Japan unshackles its public pension funds
Japan is on course to completely overhaul the goals, management and governance of its public pension funds, with a view to making their stewardship of more than ¥200 trillion ($2 trillion) of assets more active, more diversified and more focused on generating higher returns.
A panel established in December, shortly after Shinzo Abe took power as prime minister, yesterday (November 20) published its final report, sending its recommendations back to his cabinet. It is now up to Abe and his ministers to decide which recommendations to back and how to implement them.
The ‘Panel for Sophisticating the Management of Public/Quasi-public Funds’ was charged with figuring out how to make public fund investing match Abe’s goal of economic revival.
The panel’s meetings, which began in July, focus on the ¥120.5 trillion Government Pension Investment Fund (GPIF), the ¥17.5 trillion Pension Fund Association for Local Government Officials (Chikyoren), the ¥7.8 trillion Federation of National Public Service Personnel Mutual Aid Association (KKR) and the ¥3.6 trillion Promotion and Mutual Aid Association for Private Schools (Shigaku Kyosai) – among others.
Firstly, the panel calls for investment objectives to focus on beating the inflation expected to result from ‘Abenomics’. This means revising asset allocations that are too exposed to domestic bonds, in order to improve returns and mitigate the risks of rising interest rates.
In addition, the panel suggests public funds seek long-term investment exposures and generally higher returns. That means carving out bigger portions of risk-seeking portfolios. Whereas in the past surpluses were automatically placed into ‘safe’, low-risk investments, now they should in some cases “adopt a middle-risk, middle-return approach”, according to the panel’s final report published yesterday.
The panel also suggests public funds be given flexibility in how they pay commissions and fees, noting that these have been driven down, but at the cost of good advice or access to the best products.
To realise these goals, public funds should diversify into new types of assets, including real estate investment trusts, infrastructure, venture capital funds, private equity and commodities.

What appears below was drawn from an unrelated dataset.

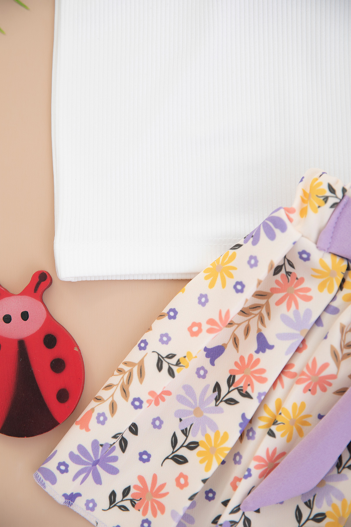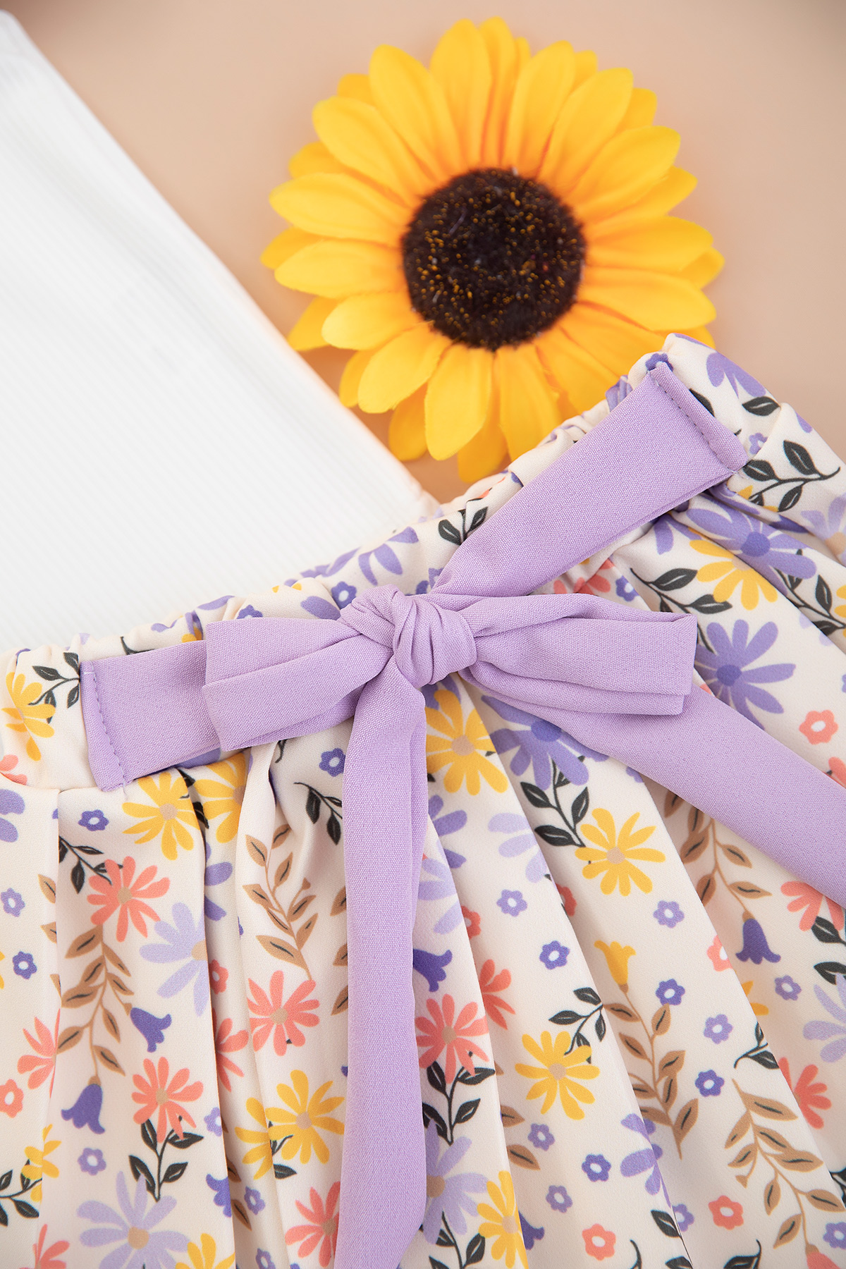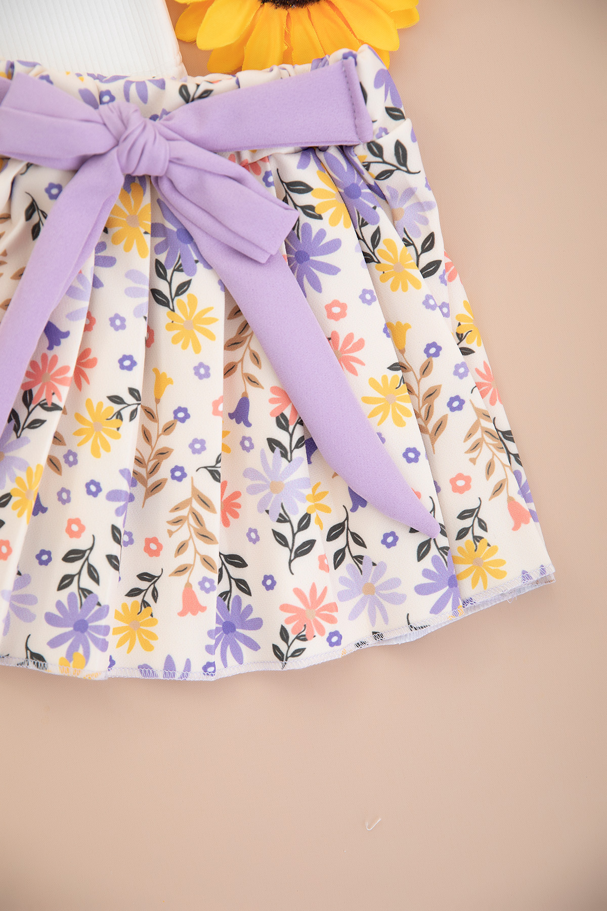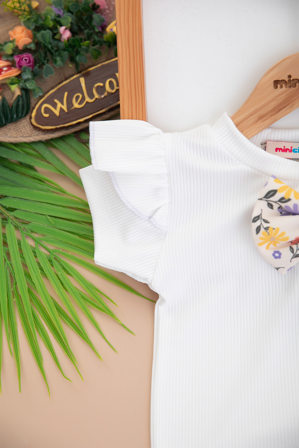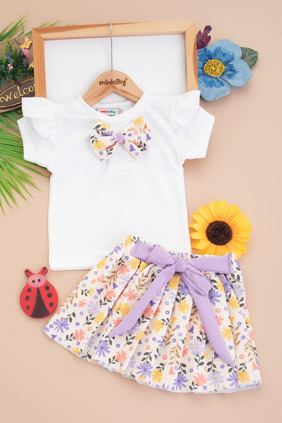 Kız Çocuk Çiçekli Fiyonklu Etekli Takım - 731 (2-5 Yaş)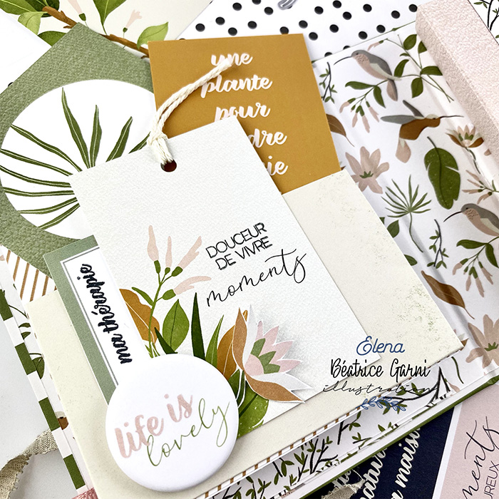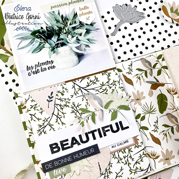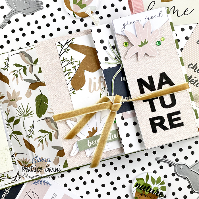 Elena La Scrapperia a réalisé un album Nature composé de rabats, de pochettes, avec de jolis détails et des superpositions

The report does not mention hedge funds, but Sadayuki Horie, senior researcher at Nomura Research Institute and a member of the panel, says the GPIF and others will need to consider other long-only allocations to riskier parts of the fixed-income universe as well as equities.
While Japanese officials do not like to think of carve-outs of GPIF or other assets as creating ‘sovereign wealth funds’ (because GPIF is a pension fund, with a liability), the report says “…while investment diversification could lead these investors to be deemed as sovereign wealth funds, there would be no problem as long as they comply with the 2008 internationally agreed code of conduct known as the ‘Santiago Principles’.”
Other details in the report include a call to adopt fundamentally weighted benchmarks in addition to market-cap weighted indices, noting that Japan Exchange Group and Nikkei will soon introduce an index, the JPX-Nikkei 400, based on factors such as return on equity.
The final, perhaps most important suggestion by the panel is to change the governance structure, by shifting the investment committee reporting line. Currently it is part of the administrative arm of these funds, but the panel suggests it report directly to the board of directors, independent of the CEO. The board would continue to report to the minister in charge of the fund.
There is no way the GPIF, for example, could handle these changes today. It is run by a very small staff, less than 100 people, which works because almost all allocations are passive and simple. Therefore these funds will have to expand their headcount and hire more people with market experience – which could well prove a cultural shock to the current breed of bureaucrats.
Horie says that, over time, funds such as GPIF will in-source more of their assets, as they develop their own expertise. But these funds will also need to outsource more mandates as they expand into new asset classes and adopt a more active-management stance.